Department Anatomy & Neurosciences, Amsterdam UMC, Vrije Universiteit Amsterdam, Amsterdam, Netherlands.
Department of Biomedical Sciences of Cells & Systems, section Molecular Neurobiology, University of Groningen, University Medical Center Groningen, Groningen, Netherlands.
Glia. 2021 Dec;69(12):2933-2946. doi: 10.1002/glia.24078. Epub 2021 Aug 18.
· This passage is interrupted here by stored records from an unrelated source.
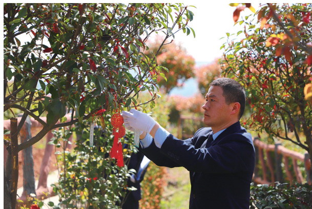
工作人员在逝者集体树葬的树上绑祈福带。

该工作人员表示,改变观念需要一个过程,节地生态葬作为一种绿色、生态、环保、文明的殡葬方式,既可以绿化荒山,改善美化生态环境,也能节省土地资源和殡葬开支,有利于逝者与自然和谐相处。随着人们观念的转变,将会有越来越多的人接受树葬等各种生态安葬方式。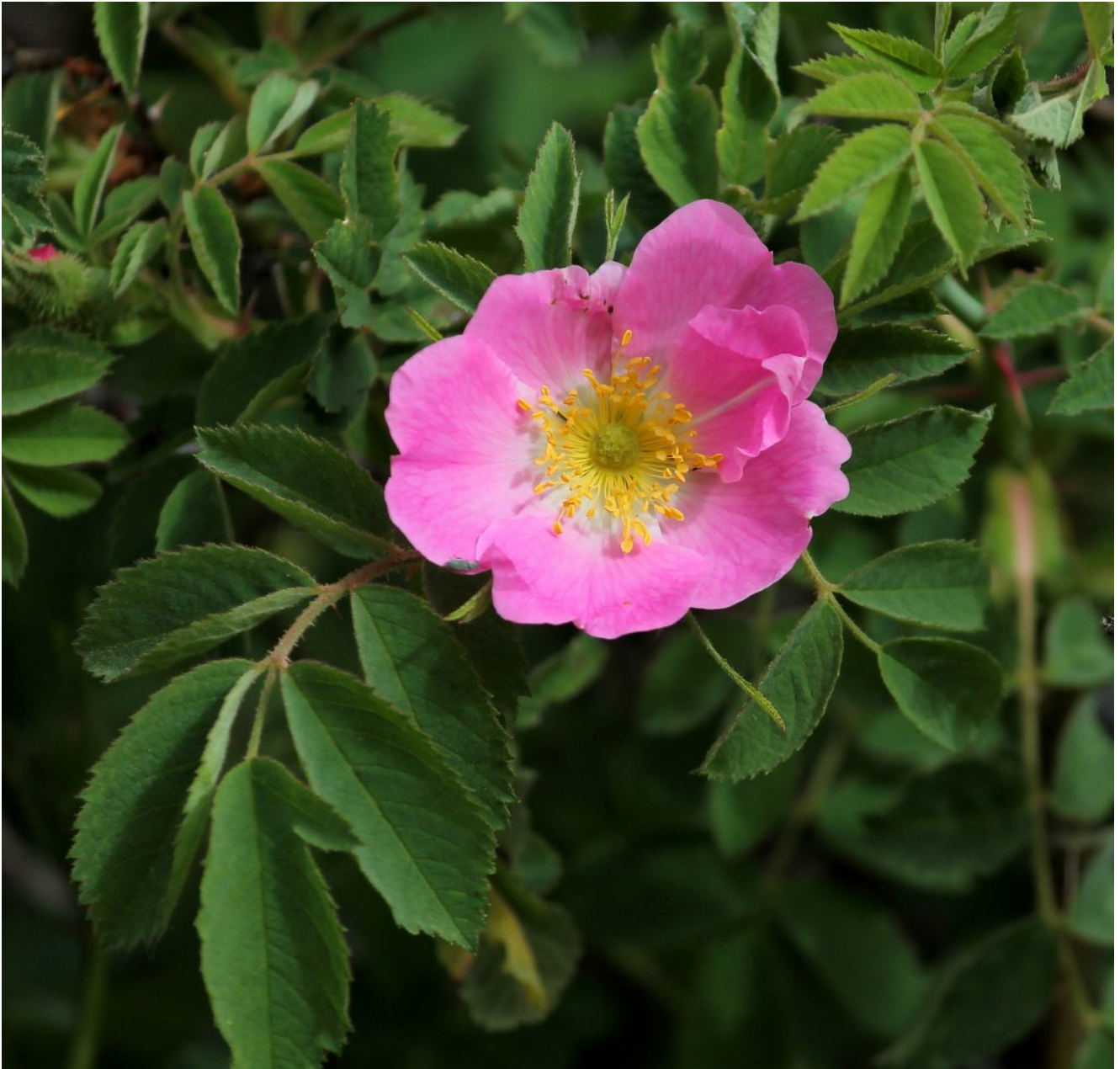
27- Rosa canina spp.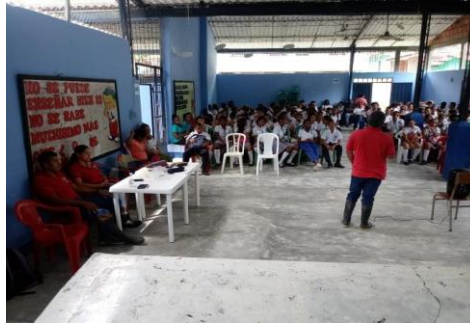
Actividades día del medio ambiente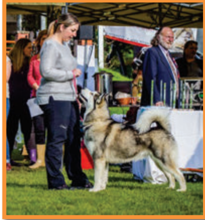
Angel of Ice Devil's Head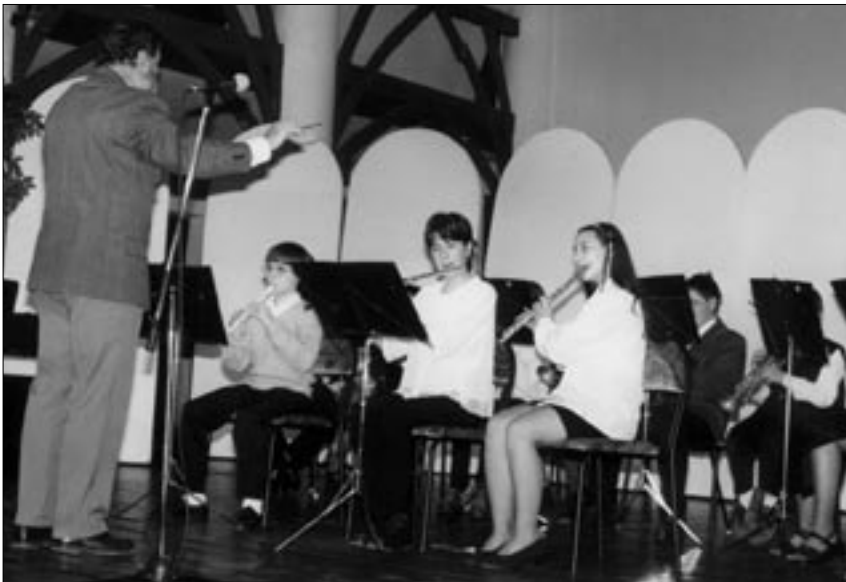
Szemünk előtt nő fel a város fívőszekara. A Rácz Aladár Zeneiskola növendékei önálló műsort adtak az év végi ünnepek előtti rendezvények sorában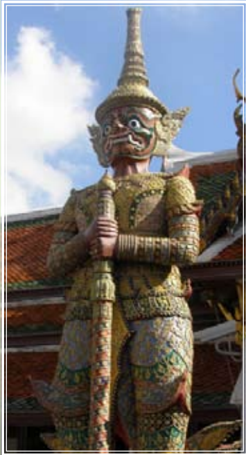
ทศคีรีวัน

แม่คะ ทางทิศใต้ใกล้ ๆ กับหลังพระอุโบสถ ติดกับประตูที่ผ่านเข้าไปในเขต พระราชฐานชั้นกลาง ก็มีสุรู้อีก ๑ คู่ ๒ ตนค่ะ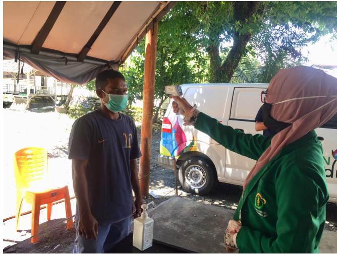
Mahasiswa KKN Universitas Malikussaleh Kelompok 4 cek suhu tubuh warga yang baru pulang dari perantauan.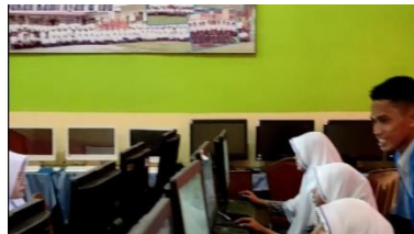
Gambar 2.2 Pengenalan penggunaan computer kepada siswa

The advent of RNA-sequencing techniques has made it possible to generate large, unbiased gene expression datasets of tissues and cell types. Several studies describing gene expression data of microglia from Alzheimer's disease or multiple sclerosis have been published, aiming to generate more insight into the role of microglia in these neurological diseases. Though the raw sequencing data are often deposited in open access databases, the most accessible source of data for scientists is what is reported in published manuscripts. We observed a relatively limited overlap in reported differentially expressed genes between various microglia RNA-sequencing studies from multiple sclerosis or Alzheimer's diseases. It was clear that differences in experimental set up influenced the number of overlapping reported genes. However, even when the experimental set up was very similar, we observed that overlap in reported genes could be low. We identified that papers reporting large numbers of differentially expressed microglial genes generally showed higher overlap with other papers. In addition, though the pathology present within the tissue used for sequencing can greatly influence microglia gene expression, often the pathology present in samples used for sequencing was underreported, leaving it difficult to assess the data. Whereas reanalyzing every raw dataset could reduce the variation that contributes to the observed limited overlap in reported genes, this is not feasible for labs without (access to) bioinformatic expertise. In this study, we thus provide an overview of data present in manuscripts and their supplementary files and how these data can be interpreted.
RNA 测序技术的出现使得对组织和细胞类型的大规模、无偏基因表达数据集进行生成成为可能。已经发表了几项描述阿尔茨海默病或多发性硬化症中小胶质细胞基因表达数据的研究,旨在更深入地了解小胶质细胞在这些神经疾病中的作用。虽然原始测序数据通常被存储在开放获取数据库中,但科学家最容易获得的数据来源是已发表的手稿中报告的数据。我们观察到,来自多发性硬化症或阿尔茨海默病的各种小胶质细胞 RNA 测序研究中报告的差异表达基因之间的重叠相对有限。实验设置的差异显然会影响报告基因的数量。然而,即使实验设置非常相似,我们也观察到报告基因的重叠可能很低。我们发现,报告大量差异表达的小胶质细胞基因的论文通常与其他论文有更高的重叠。此外,尽管用于测序的组织中的病理变化会极大地影响小胶质细胞的基因表达,但测序样本中存在的病理变化往往被低估,这使得难以评估数据。虽然重新分析每个原始数据集可以减少导致报告基因中观察到的有限重叠的变化,但对于没有(访问)生物信息学专业知识的实验室来说,这是不可行的。在这项研究中,我们因此提供了对论文及其补充文件中存在的数据的概述,以及如何解释这些数据。